From Old French meaning 'to pull' or 'stubborn'; also linked to the place name Tirrell.
Terrell began as an English surname before it settled into life as a given name. Most etymologists trace it to the Norman French nickname tirel, often glossed as something like “to pull,” and probably first applied to a stubborn or headstrong person. Like many surnames that crossed into first-name use, it carries a slightly aristocratic, inherited feel at its root, but in American usage it developed a very different social life.
It can also echo the surname of the civil-rights leader Mary Church Terrell, which gives the name an additional layer of Black historical resonance. As a first name, Terrell rose most strongly in the United States in the late twentieth century, especially from the 1970s through the 1990s, when surname-style names and distinctive two-syllable boys’ names were both in favor. In African American communities it became especially familiar, often with the stress on the second syllable, giving it a different rhythm from the older surname form.

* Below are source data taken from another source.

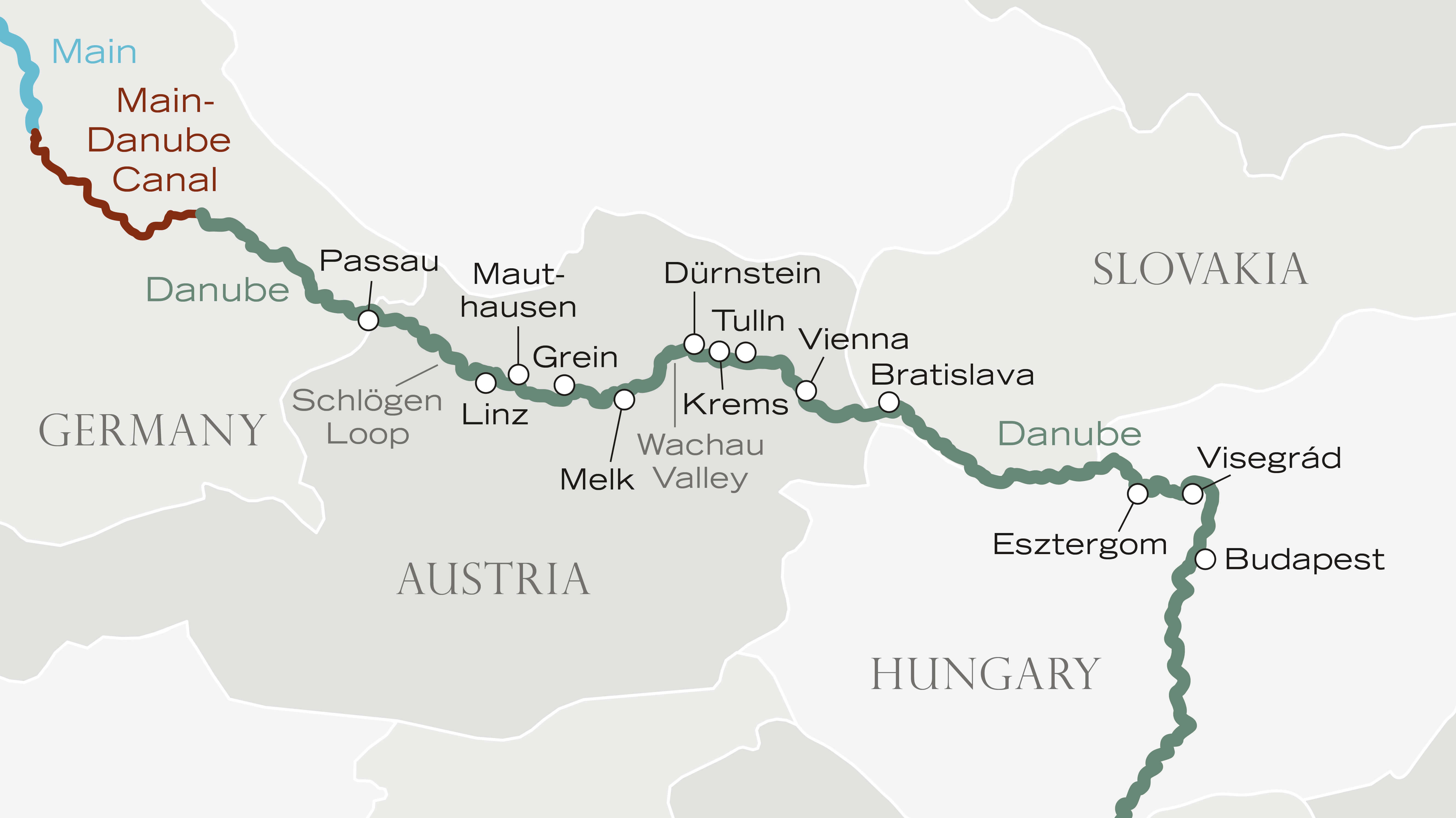 Este emocionante crucero por el Danubio combina cultura, historia y el tiempo necesario para disfrutarlo plenamente. Dedique dos días completos a explorar Viena, Bratislava y Budapest, tres de las cuatro capitales a orillas del Danubio. También descubrirá más de Hungría en la hermosa Esztergom, y se sumergirá en la belleza de Austria mientras navega por los encantadores paisajes del valle de Wachau y la curva de Schlögen. Visite Dürnstein, con sus fascinantes leyendas sobre Ricardo Corazón de León; Melk, con su imponente abadía benedictina; el pequeño pueblo mercantil de Mauthausen; y los encantadores Linz, Grein y Krems. También explorará Tulln, con más de 2,000 años de historia, y Passau, en Alemania, la célebre Ciudad de los Tres Ríos. ¡ Incluso tendrá tiempo para relajarse con un masaje, un tratamiento de spa o una sesión de ejercicio a bordo de su lujoso barco Riverside !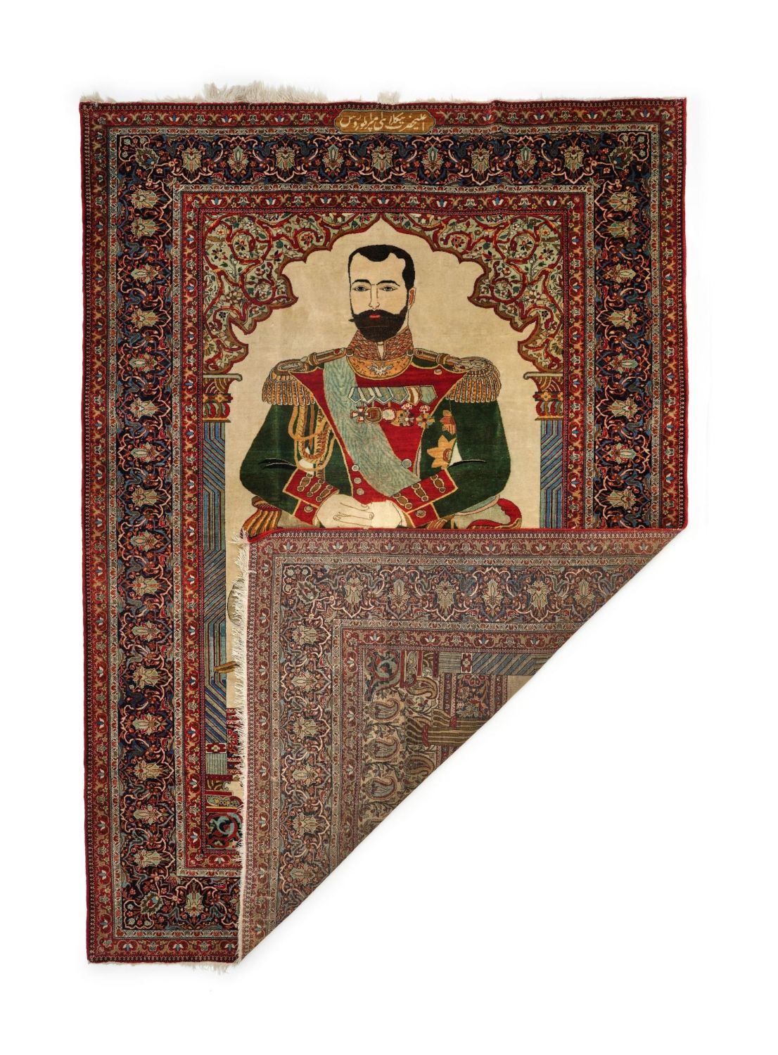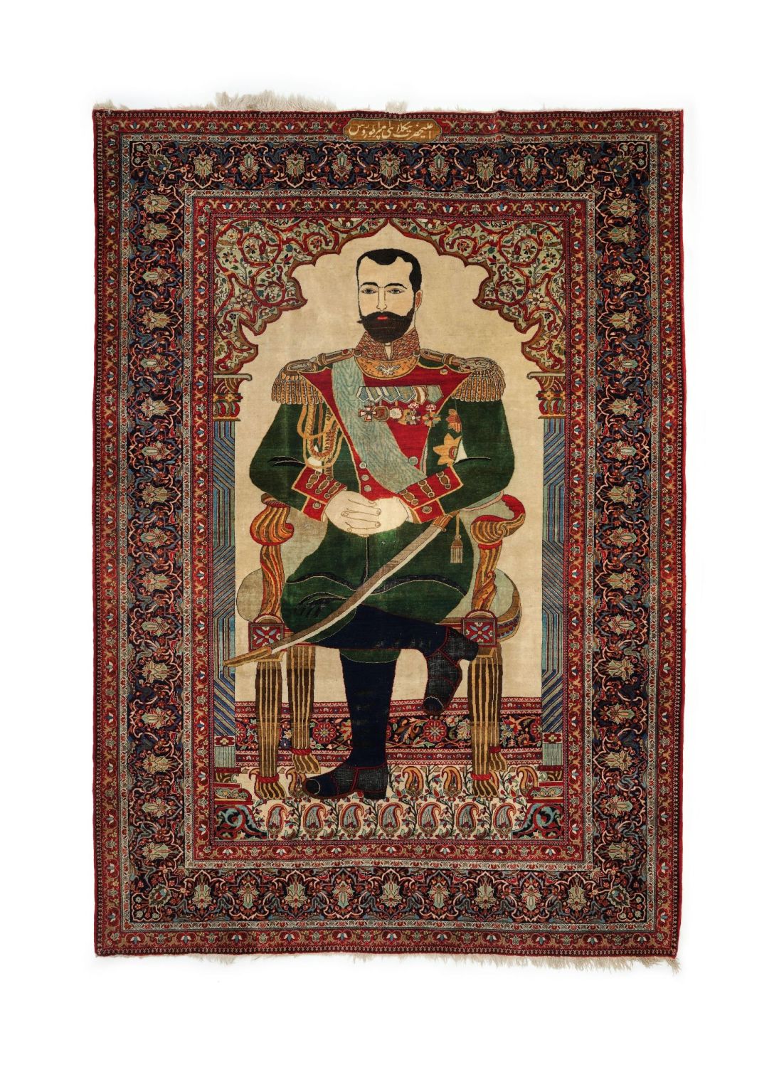 MOHTASHAM KASHAN RUG DEPICTING NICHOLAS II OF RUSSIA Mohtasham Kashan rug depicting Nicholas II of Russia 220cm x 130cm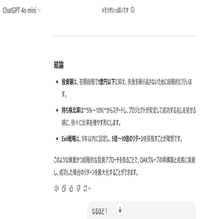 純AIにOAKグループの時価総額を鑑定してもらいました。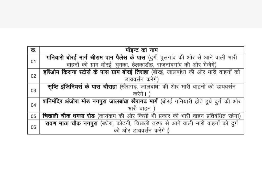 यातायात पुलिस ने बताया कि गनियारी बोरई मार्ग श्रीराम पान पैलेस के पास दुर्ग,पुलगांव की ओर से आने वाली भारी वाहनों को ग्राम बोरई ,घुमका, ठेलका डीह, राजनांदगांव की ओर से भेजा जाएगा। हरिओम किराना स्टोर के पास ग्राम बोरई तिराहा की ओर से भारी वाहनों को डायवर्सन करेंगे। सृष्टि इंजीनियर के पास चौराहा पर भारी वाहनों को डायवर्सन किया जाएगा। शनि मंदिर अंजोरा मोड नगपुरा ,जल बांधा, खैरागढ़ मार्ग की ओर से भारी वाहनों का आवागमन रखा जाएगा। चिखली चौक, धमधा रोड से कार्यक्रम की ओर किसी भी प्रकार की भारी वाहन को प्रतिबंधित रखा जाएगा। रावण भाठा चौक नगपुरा की ओर से भारी वाहनों को दुर्ग की ओर डायवर्सन करेंगे दुर्ग, कोटनी, भिलाई, रायपुर की ओर से आने वाले श्रद्धालु गण बाजार चौक से बिजली सब स्टेशन के आगे पार्किंग में अपनी वाहनों को खड़ा करेंगे। बाईपास महमरा, गनियारी, अंजोरा की ओर से आने वाले श्रद्धालुगण नगपुरा पुलिस चौकी के बगल मैदान में वाहन पार्क करेंगे। खैरागढ़, जाल बांधा, धमधा की ओर से आने वाले श्रद्धालु गण नगपुरा चौकी के पहले दाएं बाएं और पार्किंग में वाहन पार्क करेंगे। बोरई, राजनांदगांव, घुमका, पटेवा की ओर से आने वाले वाहन नगपुरा चौक के पहले डीके फर्नीचर दुकान के पीछे पार्किंग में अपनी वाहन खड़ी करेंगे। वीआईपी पार्किंग कथा स्थल के पीछे रहेगा।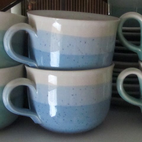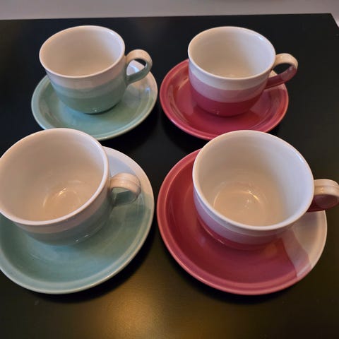 Kuppi halkasija 9 cm, korkeus 7 cm. Lautanen halkasija 15 cm.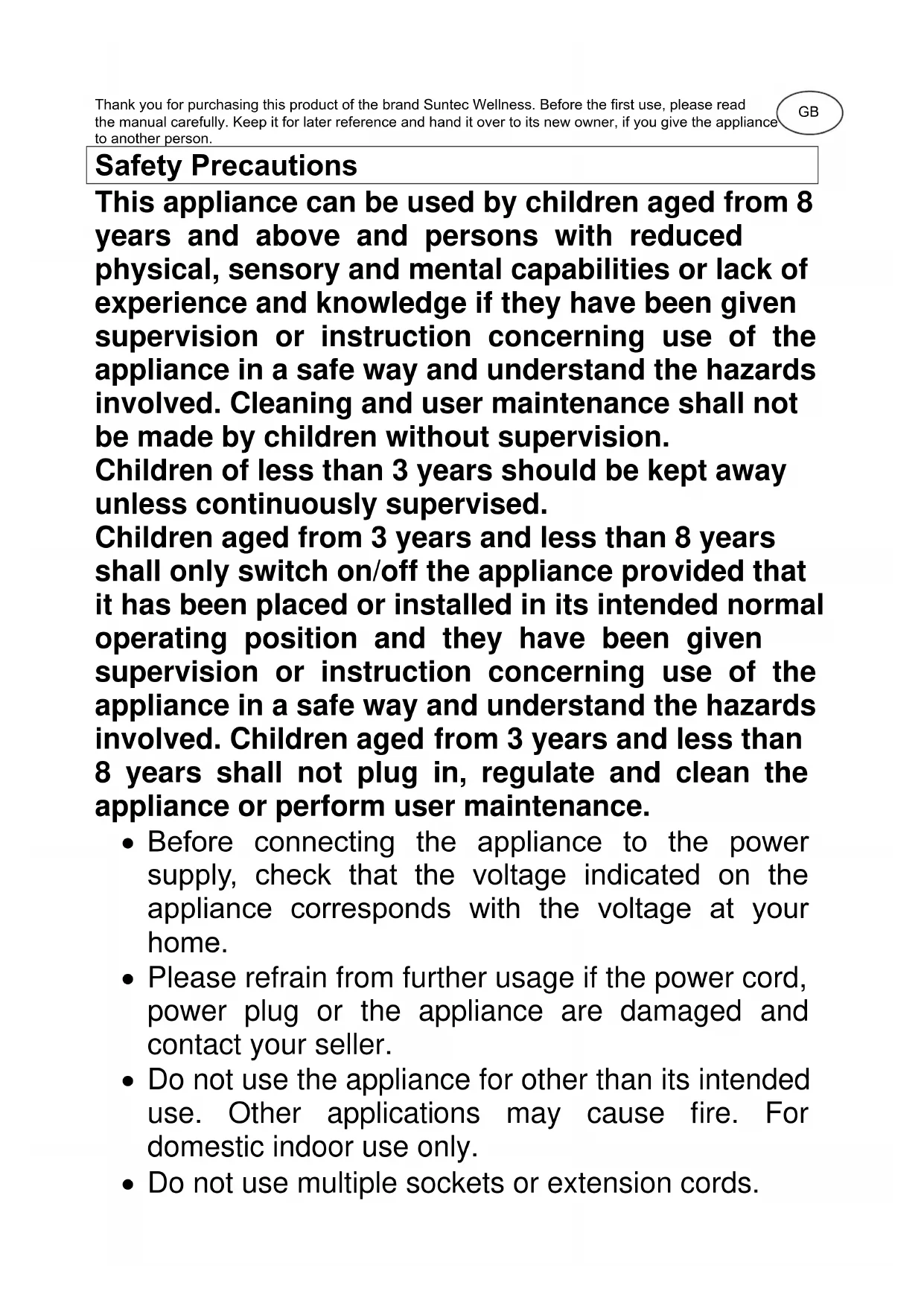 CoolBreeze SUNTEC WELLNESS GMBH / HOLZSTRASSE 2 / 40 221 DÜSSELDORF / DEUTSCHLANDThank you for purchasing this product of the brand Suntec Wellness. Before the first use, please read the manual carefully. Keep it for later reference and hand it over to its new owner, if you give the appliance to another person. Safety Precautions This appliance can be used by children aged from 8 years and above and persons with reduced physical, sensory and mental capabilities or lack of experience and knowledge if they have been given supervision or instruction concerning use of the appliance in a safe way and understand the hazards involved. Cleaning and user maintenance shall not be made by children without supervision. Children of less than 3 years should be kept away unless continuously supervised. Children aged from 3 years and less than 8 years shall only switch on/off the appliance provided that it has been placed or installed in its intended normal operating position and they have been given supervision or instruction concerning use of the appliance in a safe way and understand the hazards involved. Children aged from 3 years and less than 8 years shall not plug in, regulate and clean the appliance or perform user maintenance.

Public figures such as football stars Terrell Davis and Terrell Owens helped fix the name in the cultural ear as athletic, confident, and modern. What makes Terrell interesting is the way it transformed from a medieval byname into a strongly American personal name. Today it can sound both classic and specifically late-modern: a name with Norman roots, civil-rights associations, and a distinctly twentieth-century American arc.